■ Required action: What you write should be an exact repeat of the lines from the one with "In the early" through the final line below, minus the pictures.

■ The data:
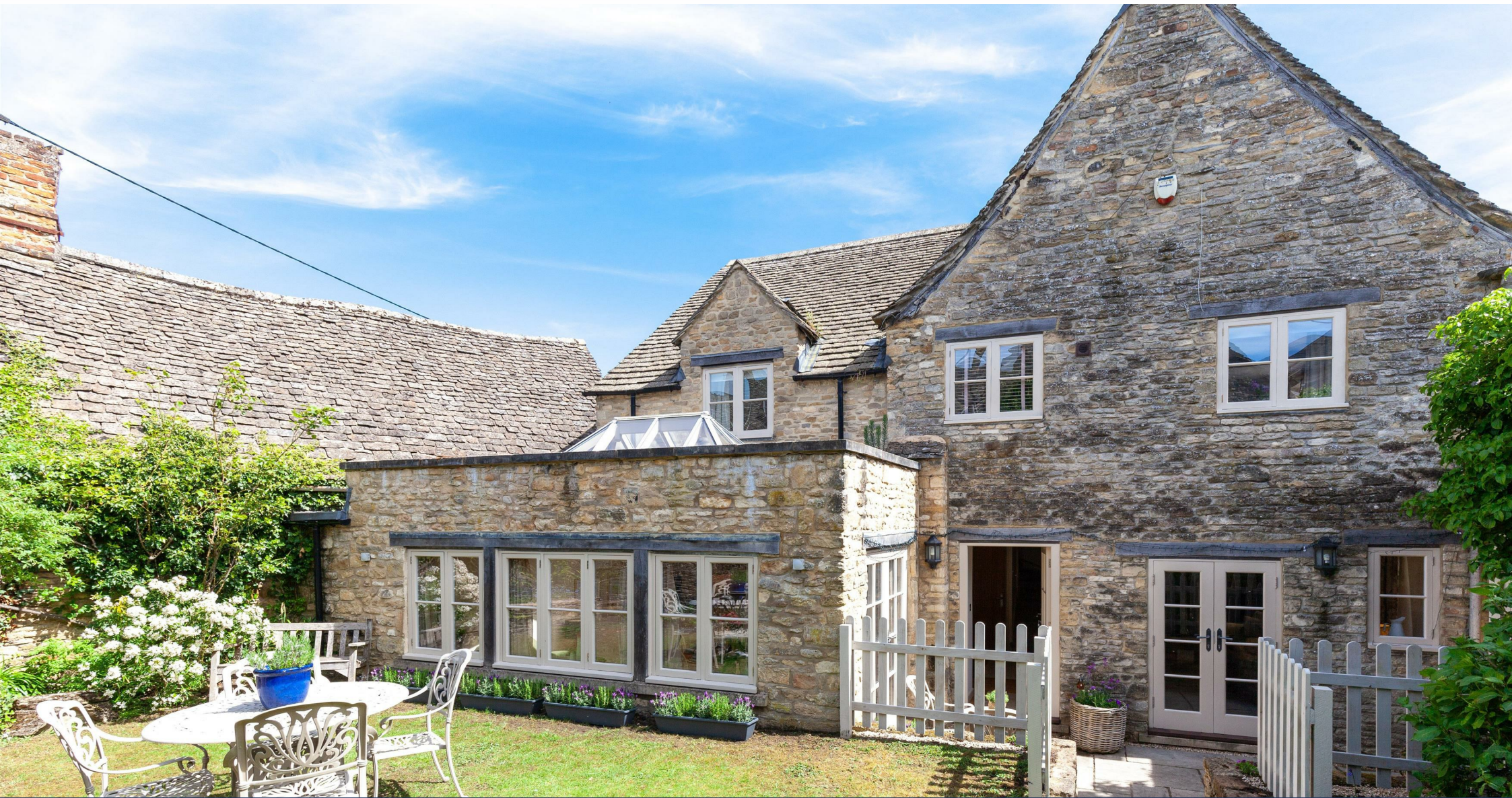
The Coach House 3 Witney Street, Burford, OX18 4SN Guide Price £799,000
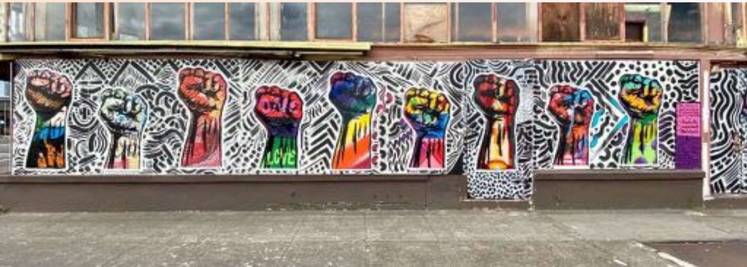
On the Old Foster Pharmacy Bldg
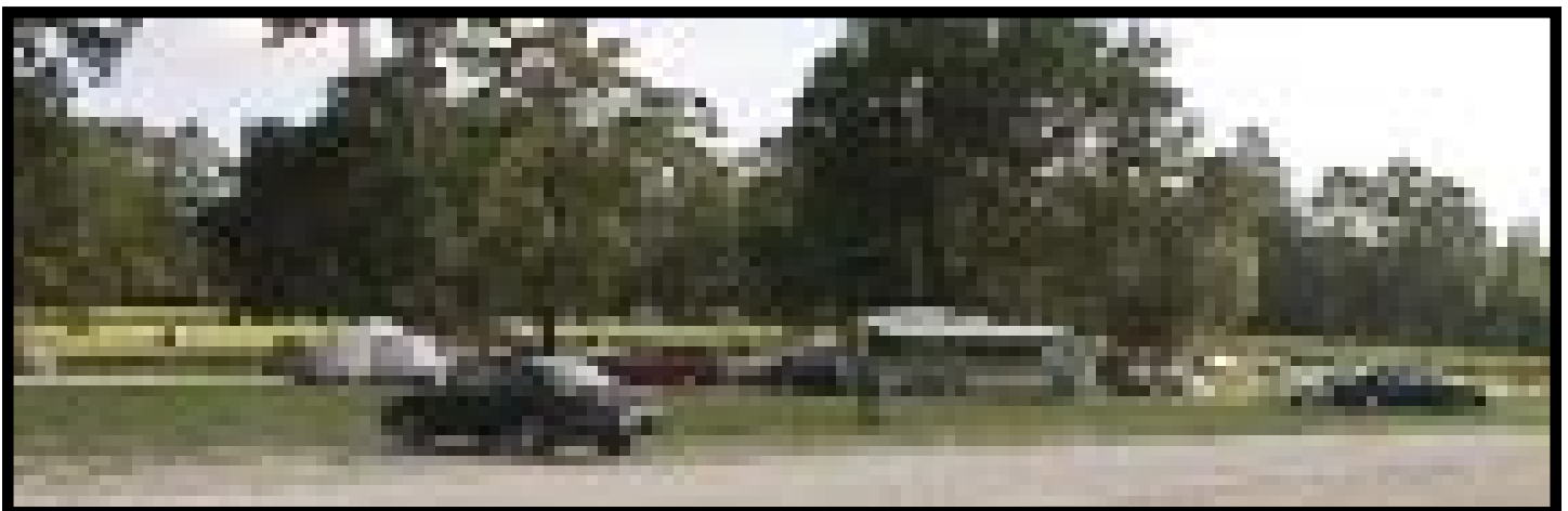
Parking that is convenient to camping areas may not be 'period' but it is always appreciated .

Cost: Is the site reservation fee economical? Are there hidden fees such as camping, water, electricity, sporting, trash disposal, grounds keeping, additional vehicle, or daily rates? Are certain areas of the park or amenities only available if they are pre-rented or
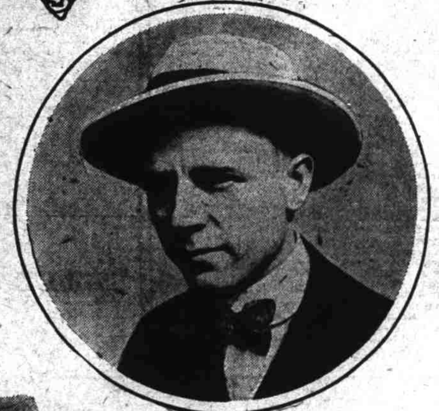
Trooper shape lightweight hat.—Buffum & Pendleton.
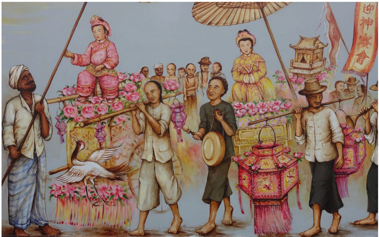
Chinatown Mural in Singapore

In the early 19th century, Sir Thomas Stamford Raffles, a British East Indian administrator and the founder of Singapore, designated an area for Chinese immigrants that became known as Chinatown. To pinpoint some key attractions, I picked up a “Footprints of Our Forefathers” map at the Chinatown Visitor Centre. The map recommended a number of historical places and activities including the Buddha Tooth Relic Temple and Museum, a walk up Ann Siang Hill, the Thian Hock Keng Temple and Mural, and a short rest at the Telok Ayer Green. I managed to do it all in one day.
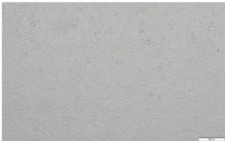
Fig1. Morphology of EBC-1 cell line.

■ Solution:
In the early 19th century, Sir Thomas Stamford Raffles, a British East Indian administrator and the founder of Singapore, designated an area for Chinese immigrants that became known as Chinatown. To pinpoint some key attractions, I picked up a “Footprints of Our Forefathers” map at the Chinatown Visitor Centre. The map recommended a number of historical places and activities including the Buddha Tooth Relic Temple and Museum, a walk up Ann Siang Hill, the Thian Hock Keng Temple and Mural, and a short rest at the Telok Ayer Green. I managed to do it all in one day.
Fig1. Morphology of EBC-1 cell line.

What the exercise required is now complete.